# Data for review
::::

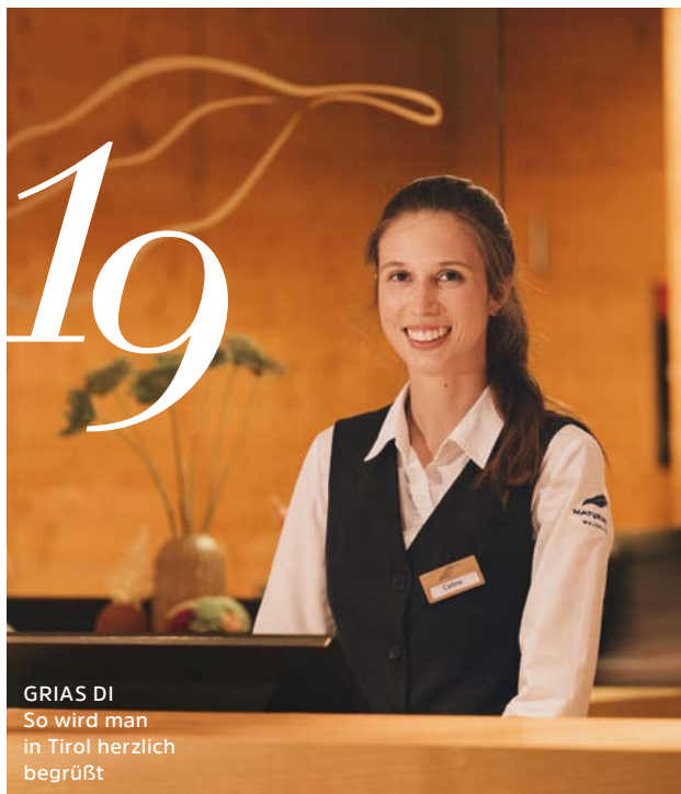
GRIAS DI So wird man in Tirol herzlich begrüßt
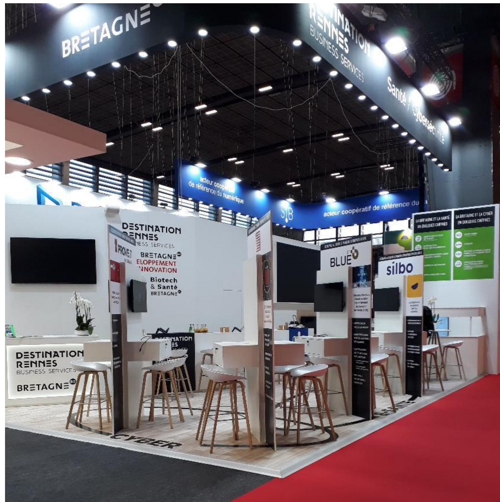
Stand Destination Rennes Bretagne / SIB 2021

::::

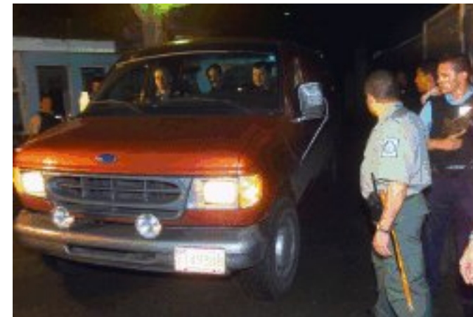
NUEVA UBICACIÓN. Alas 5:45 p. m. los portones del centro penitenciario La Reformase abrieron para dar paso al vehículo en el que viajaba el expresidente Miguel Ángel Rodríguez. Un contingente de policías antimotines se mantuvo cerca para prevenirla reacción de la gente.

::::

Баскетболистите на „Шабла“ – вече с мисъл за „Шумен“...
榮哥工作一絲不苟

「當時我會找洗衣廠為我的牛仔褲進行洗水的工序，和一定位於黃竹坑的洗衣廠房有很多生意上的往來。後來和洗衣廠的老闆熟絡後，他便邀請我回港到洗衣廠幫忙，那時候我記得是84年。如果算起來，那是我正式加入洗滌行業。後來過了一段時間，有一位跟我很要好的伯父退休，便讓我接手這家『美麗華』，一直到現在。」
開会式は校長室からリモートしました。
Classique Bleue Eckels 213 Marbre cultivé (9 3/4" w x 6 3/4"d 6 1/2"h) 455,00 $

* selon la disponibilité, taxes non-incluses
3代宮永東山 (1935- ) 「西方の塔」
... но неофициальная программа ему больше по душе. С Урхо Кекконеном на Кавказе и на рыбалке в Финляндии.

::::

# Task item
The lines above from the one containing "disponibilité, taxes non-incluses" through the one containing "рыбалке в Финляндии." are to be set down exactly, and no others.

# Result of the exercise
* selon la disponibilité, taxes non-incluses
3代宮永東山 (1935- ) 「西方の塔」
... но неофициальная программа ему больше по душе. С Урхо Кекконеном на Кавказе и на рыбалке в Финляндии.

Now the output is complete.